With an ugly dream she struggles;
In the bright and sunny weather,
O'er the meadows green and flowery,
She and Theseus walk together.
Suddenly there comes a change;
O'er a moor of old brown heather,
O'er a bare and treeless waste,
She and Theseus walk together.
Cold and loveless is the air,
Huge white mists are trailing near her;
And the fitful-swelling blast
Pipes with shrill note clear and clearer.

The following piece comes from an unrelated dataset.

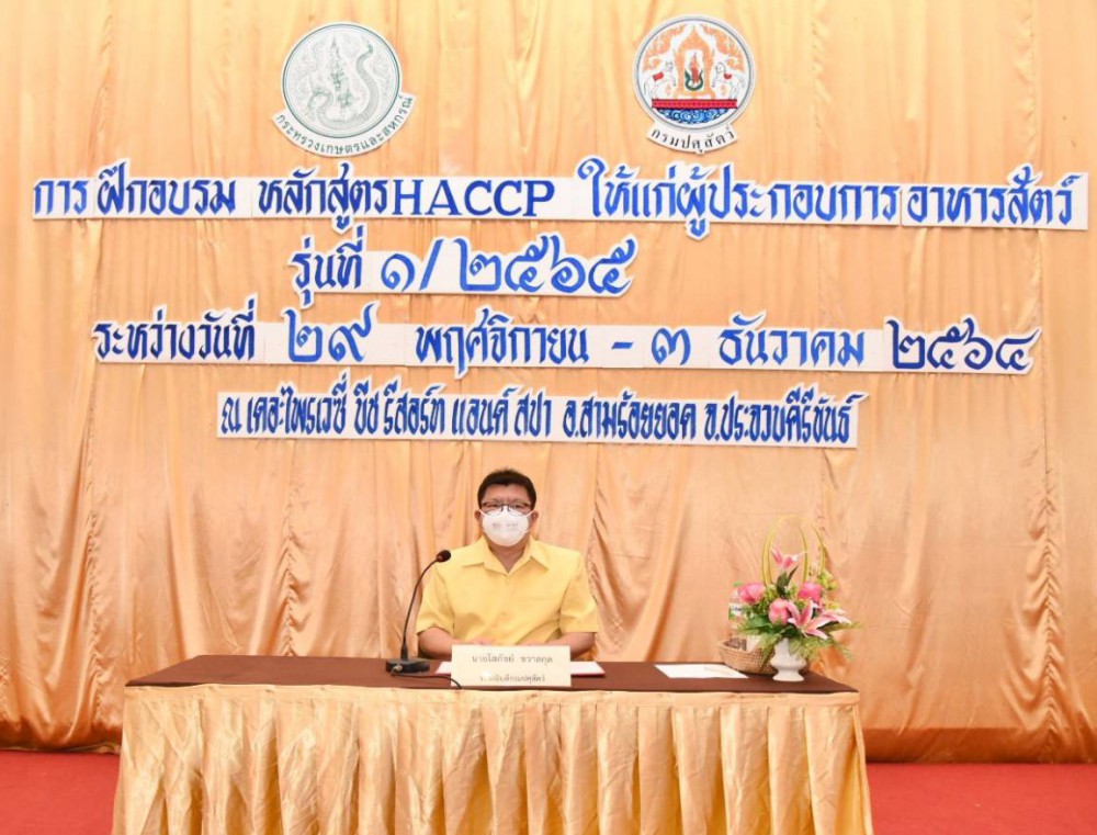 เมื่อเวลาเวลา 09.00 น. วันที่ 29 พฤศจิกายน 2564 นายสัตวแพทย์สรวิศ ธานีโต อธิบดีกรมปศุสัตว์ มอบหมายให้นายสัตวแพทย์โสภัชย์ ชวาลกุล รองอธิบดีกรมปศุสัตว์ เป็นประธานเปิดการฝึกอบรมเชิงปฏิบัติการ หลักสูตร HACCP สำหรับผู้ประกอบการอาหารสัตว์ โดยมีนายสัตวแพทย์รักไทย งามภักดิ์ ผู้อำนวยการกองควบคุมอาหารและยาสัตว์ กล่าวรายงาน พร้อมผู้เข้าร่วมอบรมรุ่นที่ 1 จำนวน 50 คน โดยมีการเว้นระยะห่างทางสังคมอย่างเคร่งครัด ในระหว่างวันที่ 29 พฤศจิกายน – 3 ธันวาคม 2564 ณ เดอะไพรเวซี่ บีช รีสอร์ท แอนด์ สปา จังหวัดประจวบคีรีขันธ์ (ได้รับการรับรอง SHA)

By a lonely tower she stands,
Where the wasted ruin crumbles;
Wandering by a lone black lake,
On an old grey stone she stumbles.
“Theseus! Theseus!”—to his arms
Close she clings; but like a trailing
Mist he flees; and o'er the waste
Echoes laughter to her wailing.
Dim confusion blinds her eye,
Through her veins the chilly horror
Creeps: she stands; she looks; she runs
O'er the moor with mazy error.

85

And she screams, with rending cries,
“Save me, Jove, save Ariadne!
Theseus, Theseus, in the waste
Hast thou left thy Ariadne?”
And the Spirits of the storm
Shout around her—“Ariadne!
Thou art left alone, alone,
In the waste, O Ariadne!”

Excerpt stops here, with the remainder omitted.